Because it progresses slowly, Sjögren's syndrome is frequently misdiagnosed and left untreated (Derk 2004). Symptoms of primary Sjögren's syndrome—dryness, fatigue, pain, head and neck complaints, hoarseness, or hearing loss—can also occur as a result of medication use, anxiety and depression, or normal aging (Mahoney 2003; Mariette 2002). In a Chinese study, the average time between onset of symptoms and establishment of diagnosis was 7.8 years, indicating most cases were either improperly diagnosed or neglected (Zhang 1993).

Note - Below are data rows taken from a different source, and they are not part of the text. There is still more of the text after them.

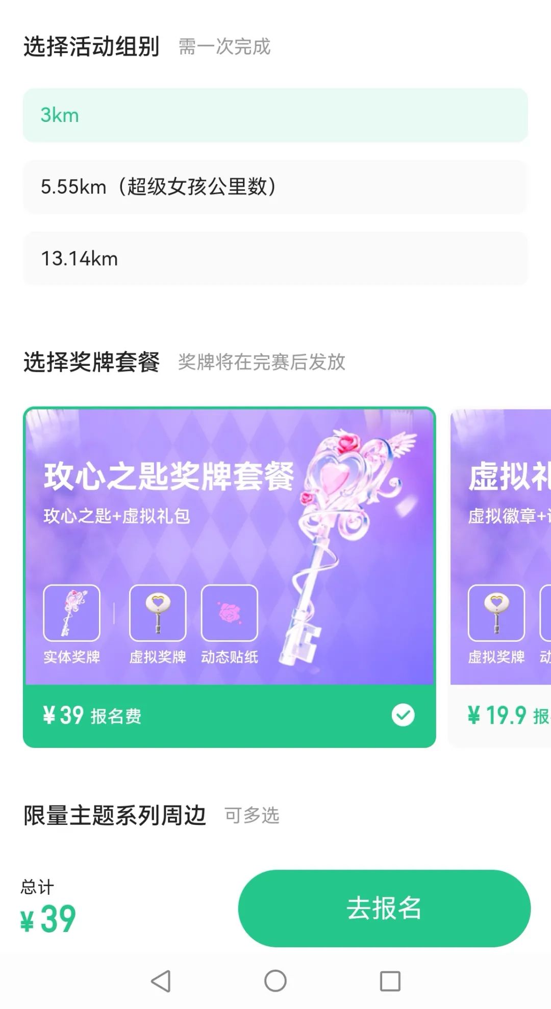 而這次線上跑步的獎(jiǎng)牌,有29元的線上賽事禮包、39元的小天使獎(jiǎng)牌、49元的小天使巧克力獎(jiǎng)牌,以及89元的首飾套餐。
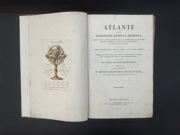 BARBIELLINI, Carlo Antonio. Atlante della Geografia Antica e Moderna. Milano: C.A. Barbiellini, 1807. Folio, sfera armillare in antiporta, 48 incisioni, la maggior parte colorata a mano (alcuni strappi e perdite). Legatura in mezza pelle (lievi difetti).
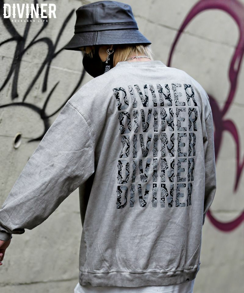 【パイソンロゴスウェットシャツ】妥協なく生きる者は日々新しくなる。「RECKLESS LIFE=妥協のない生き様」を歩む者達へ、DIVINERから「Pythonlogo Sweat」が登場。デザインはアイスグレーのボディに、ブランドロゴを左胸、バックに成長と共に脱皮を繰り返し、「生まれ変わること」を象徴するパイソン(蛇)の柄で刻んだ存在感のあるデザイン。サイジングは、トレンド且つストリートファッションを楽しめるオーバーサイズシルエット。妥協なく生きる者は、日々刷新される。
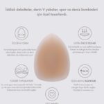 Suya dayanıklı yapısı sayesinde denizde ya da havuzda yüzerken bile sabit kalır. Hafif, sağlıklı ve görünmez bir göğüs pedi alternatifi sunar. Hipoalerjenik silikon malzeme ile üretilmiştir. Standart 8 cm ölçüsüyle A–C cup arası göğüs tiplerine rahatlıkla uyum sağlar. Ten rengine en yakın görünüm için iki farklı cilt tonu mevcuttur: Crème (açık) ve Caramel (buğday). Her ürün özel taşıma kutusuyla birlikte gelir, böylece seyahatlerde güvenle yanında taşıyabilirsin. Uygulama sonrası 5 saniye bastırarak sabitleyebilir, kullanım sonrası ılık sabunlu suyla yıkayıp kurutarak tekrar kullanabilirsin.

Sjögren's is diagnosed on the basis of the presence of symptoms and specific autoantibodies. During diagnosis, the physician will ask questions to determine if a patient is suffering from dry eyes or mouth and will test the functioning of salivary and ocular glands. In addition, tests could be conducted to detect antibodies to Ro/SS-A or La/SS-B antigens. Researchers have also discovered increased levels of the antibody interleukin-18, an immunoregulatory and proinflammatory cytokine in patients with Sjögren's (Bombardieri 2004). This cytokine interferes with acetylcholine, the messenger chemical that triggers saliva production.